Why can't we find anything around here?
On the decay of search quality, URLs that are too long, and Jerry and David's Guide to the World Wide Web
Anyone fortunate enough to have experienced the early days of the commercial Internet may recall how personal the entire experience could feel. In the brief window of time between the emergence of the Mosaic browser experience and the arrival of Google, the Internet might have been global in its ambitions, but it also took a whole lot of human curation just to function.
■ Yahoo today may be everything from an email service provider to an original news outlet, but for a brief while, it was just Jerry and David's Guide to the World Wide Web: An attempt to categorize the individual pages on the Internet and document their general contents. It was something like a hybrid between a telephone book and the card catalog in a library, attempting to list what addresses the individual user needed to look up in order to find things (a much bigger issue before the dot-com boom, when domain names cost a relative fortune), as well as what one was likely to discover upon arriving there.
■ It looks quaint today, when webpages are dynamically generated, apps serve up much of the Internet's consumer material, and artificial intelligence is being enlisted to flood the zone with a never-ending pipeline of new content. But sincere efforts to survey and map the world of the all-new World Wide Web were useful. And their imprimatur was vital if you, the content creator (though nobody called you that yet), wanted to be found.
■ What made Google such a spectacular success was its ability to supplant the slow process of looking through curated directories by returning the thing the user was most likely to want based upon no more effort than typing out a question. Search engines ate the world, of course. But careful observers are beginning to note that the search-engine structure is showing signs of frailty. NBC News tech reporter Kat Tenbarge laments, "All the search functions around the internet seem to be in a prolonged state of collapse. It feels impossible to find specific things anymore".
■ Content-management tools have a big part to play in making this problem worse. What makes it easy for people to add new content to the Internet also generally makes it easy for them to mess up or destroy what is already there. Even worse, URLs generally are an unholy mess. Nobody builds rules-based file trees anymore, because they're too busy packing URLs full of search-friendly words.
■ And thus there are few sites left that commit to a logical (and self-perpetuating) file structure that fits inside the address bar. Instead, most fresh pages are identified by either too many words (e.g., "https://www.kosu.org/energy-environment/2023-06-26/some-cities-in-central-u-s-are-asking-residents-to-conserve-water") or by none at all (e.g., "https://www.bbc.com/news/av/world-us-canada-66037455").

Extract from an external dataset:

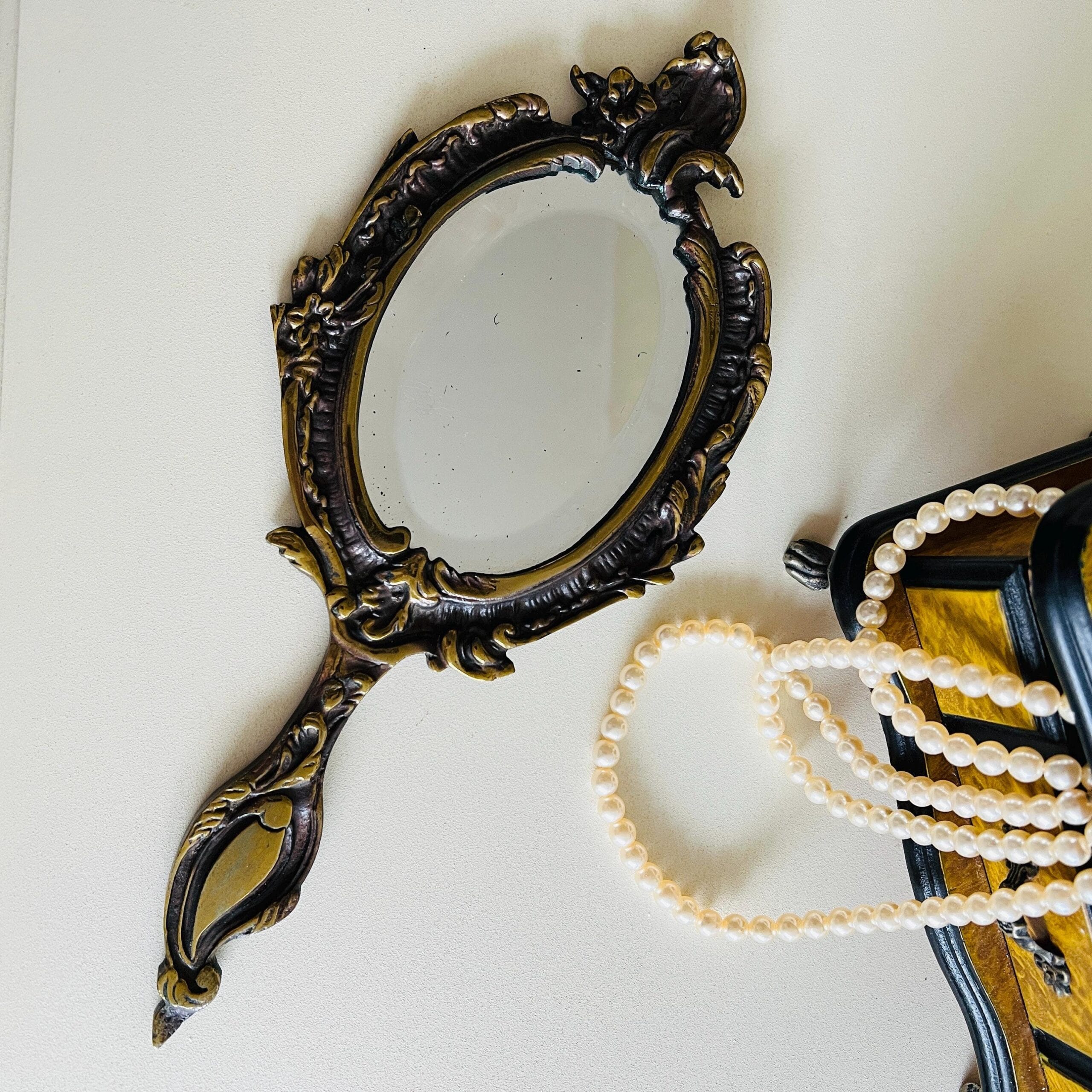Grace your vanity table with a timeless touch. This brass hand mirror features a beautifully ornate frame and classic beveled glass, offering both elegance and everyday function. A lovely piece for anyone who cherishes vintage rituals or wants to bring nostalgic charm to their space.

■ It's not clear whether there is a real solution available that anyone will adopt voluntarily -- but if search engines really do begin to break down in their real user efficacy, then it's possible we might see a revival of sorts in Internet directories. Humans wouldn't have to curate them entirely by hand -- artificial intelligence may well be ideal for much of the task -- but some sort of thoughtful editorial review may be useful. Rarely does anyone see what's coming next with any accuracy, but if search quality really does fall into a broad sort of decline, people aren't simply going to stop looking to the Internet for answers.